With Congress' failure to pass a new financial relief package last week, WMATA faces the prospect of drastic service cuts and the furlough of thousands of employees as early as September. In addition, without further federal aid, WMATA says it may delay completion of the extension of the Silver Line to Dulles Airport, currently projected to open next year, and scrap plans to buy new rail cars.
Wiedefeld warned at the July 28 press conference that “without additional federal funds, we are left with some very difficult choices to deal with a looming financial crisis that run counter to the economic recovery we all want.”
Even if Republicans and Democrats agree on new legislation, the likely sum devoted to public transportation nationwide will be about $15 billion, with about $800 million going to Metro. This will be insufficient to prevent employee furloughs and service reductions.

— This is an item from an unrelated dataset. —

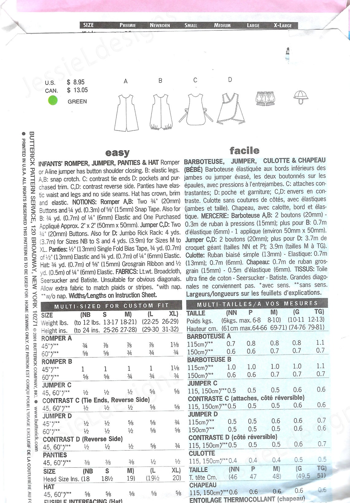 Butterick 5625 Infants' Romper, Jumper, Panties and Hat PatternL-XL ...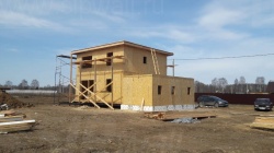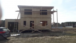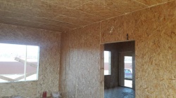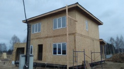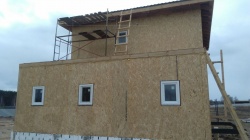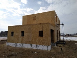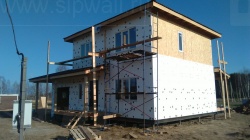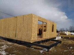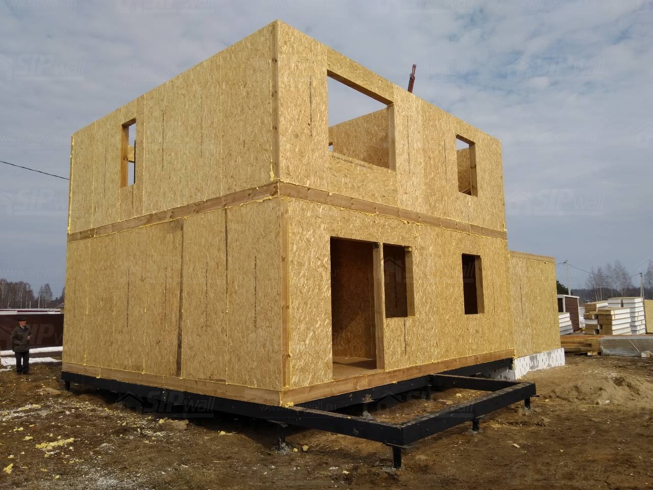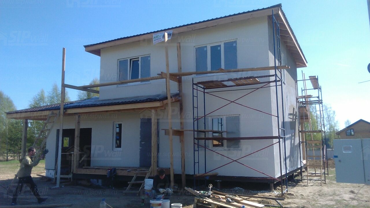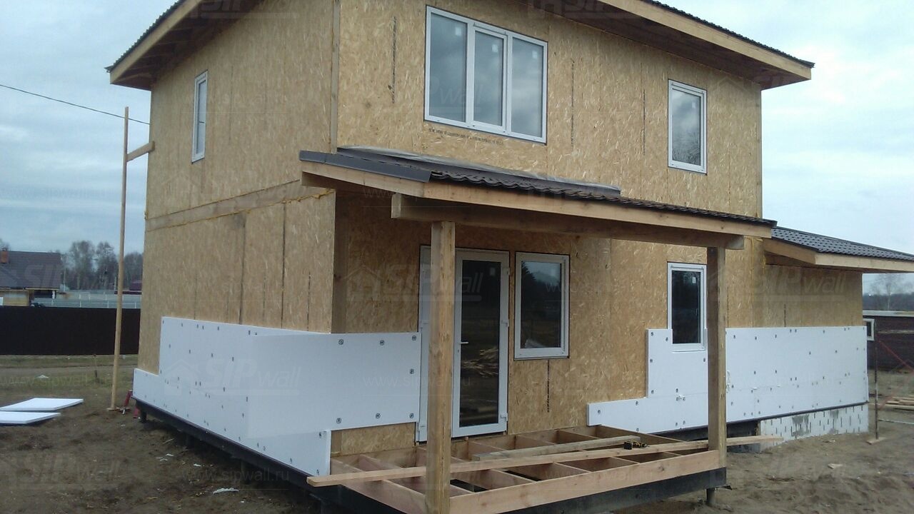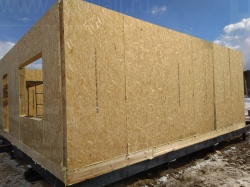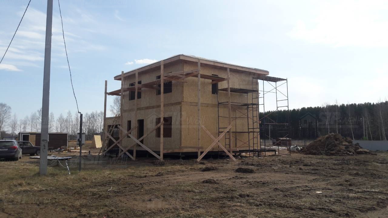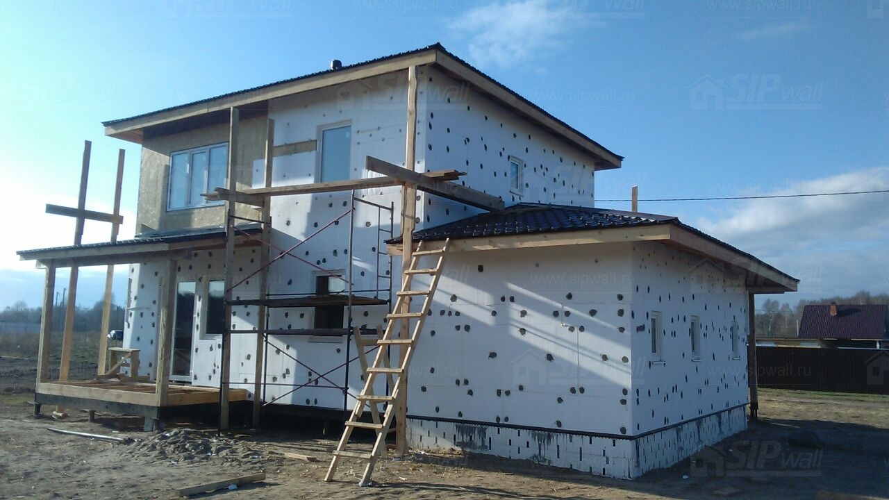 Все СИП панели SIPwall толщиной 224/174/124 мм (плиты OSB-3 толщиной 12 мм "Калевала" Россия и фасадный пенополистирол ПСБ-С 25 по ГОСТ 15588-14 толщиной 200/150/100 мм производства завода "PolarPlast", Россия) нарезаны и обрусованы сухим строганным брусом камерной сушки в соответствии с проектной документацией.

Joe McAndrew, managing director for transportation at the Greater Washington Partnership, told the Washington Post, “What we keep hearing, if there is any [transit] funding, it may fall closer to $15 billion, which is not adequate.”
The transit system is set to restore rail service to near pre-COVID levels on August 16 and bus service to 73 percent of pre-pandemic levels on August 23. The rail system will add 15 hours more service per week, with opening times returning to normal and the system closing at 11 p.m. each night.
On March 17, Metro closed 19 rail stations, about 20 percent of the total. On May 23, it fully shut down the Silver line, due to low ridership and the need to do repair work to facilitate the completion of the line extension. After the DC region largely shut down from late-March through most of May, rail ridership collapsed to about 5 percent of pre-pandemic levels. WMATA says it is now at about 10 percent.
WMATA responded to the drop in ridership by also cutting the frequency of trains and buses. As a result, overcrowding remains a concern and maintaining safe social distancing is impossible on many trips. In its July monthly report to Metro’s Board, Metro’s Rider Advisory Council (RAC) noted that they are “deeply concerned about ongoing reports of severe crowding on numerous routes — especially those serving lower-income communities in our region.”
“Daily bus ridership has long been well above the socially distanced capacity of 85,000 trips as specified in WMATA’s Pandemic Recovery Plan,” the RAC wrote in its report. “Even in the ‘managed re-entry’ phase expected to begin in the coming weeks, Metrobus capacity is only planned to be 110,00 trips, wholly insufficient for current ridership.”
In July, about 130,000 bus trips were taken each weekday, or 20,000 above the system’s August 23 planned capacity. Metro reports that 70 percent of the bus rides during the pandemic have been work trips, indicating that many workers who are forced to remain on the job during the pandemic rely on the transit system.
In a July information brief, WMATA conceded that it cannot maintain safe social distance guidelines under its current budgetary restrictions. To maintain proper distance would require “five times the level of service to carry the same number of customers as under normal service conditions. While Metro will use these guidelines to inform the timing of service increases, optimal distancing will be challenging even when accompanied by regional efforts to stagger worker re-entry.”
According to local National Public Radio affiliate WAMU, as of two weeks ago, Metro has had 210 employees with confirmed COVID cases and no deaths. About 90 percent of Metro workers who had the coronavirus have returned to work. In May, however, a bus driver for the DC Circulator system, operated by the District of Columbia Department of Transportation, died from the virus.